Cambios emocionales y de conducta
Las drogas alteran el estado de ánimo y pueden influir directamente en la forma en que los jóvenes se relacionan con el entorno:
- Irritabilidad o explosiones de ira sin motivo aparente.
- Aislamiento o pérdida de interés por actividades que antes disfrutaban.
- Mentiras frecuentes o secretismo sobre dónde van o con quién están.
- Cambios en el grupo de amistades.
- Descenso en el rendimiento escolar o falta de motivación.
El adolescente puede mostrarse especialmente defensivo ante preguntas cotidianas, evitar el contacto visual o encerrarse con frecuencia en su habitación. Este tipo de comportamiento puede ser tanto un intento de ocultar algo como una forma de proteger su intimidad en una etapa confusa.
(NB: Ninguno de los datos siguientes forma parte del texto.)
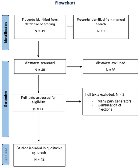 Inclusion criteria included randomized controlled trials, observational studies, and case series or reports that reported pain-related outcomes in patients with radiculopathy who received an epidural injection of PRP or other platelet-derived products. Exclusion criteria included review articles, animal studies, and non-peer reviewed publications or abstracts. Two independent reviewers (E.K., G.A.M.A.) selected abstracts and full-text articles from the aforementioned search strategies. Disagreements were resolved by a third reviewer (R.S.D.).

El entorno social tiene un papel determinante. Cuando un adolescente cambia de grupo de amigos o comienza a pasar más tiempo fuera de casa sin dar explicaciones, es importante prestar atención sin caer en el control excesivo.
El consumo de drogas suele estar vinculado a contextos donde la presión del grupo o la curiosidad pesan más que la conciencia de riesgo.

Cómo actuar ante la sospecha
Ante la duda o la sospecha, la primera reacción de muchas familias es intentar comprobar de forma directa si existe consumo. Sin embargo, realizar pruebas caseras o inspeccionar las pertenencias del adolescente puede deteriorar la relación de confianza y generar más distancia.
La forma más eficaz de actuar comienza por algo tan sencillo, y a la vez tan difícil, como hablar.
Escuchar antes de juzgar
Cuando se aborda el tema, es importante hacerlo desde la escucha y no desde la acusación. Un adolescente que siente miedo, vergüenza o enfado tenderá a cerrarse aún más. El tono de voz, el momento del día y el contexto (una charla tranquila, sin interrupciones) son determinantes. A veces no se obtiene una respuesta inmediata, pero se deja abierta la puerta al diálogo.
Evitar la confrontación
Frases como “te estás arruinando la vida” o “no volverás a salir de casa” suelen provocar el efecto contrario al que se busca. El adolescente se siente atacado, no comprendido, y se refuerza su necesidad de independencia.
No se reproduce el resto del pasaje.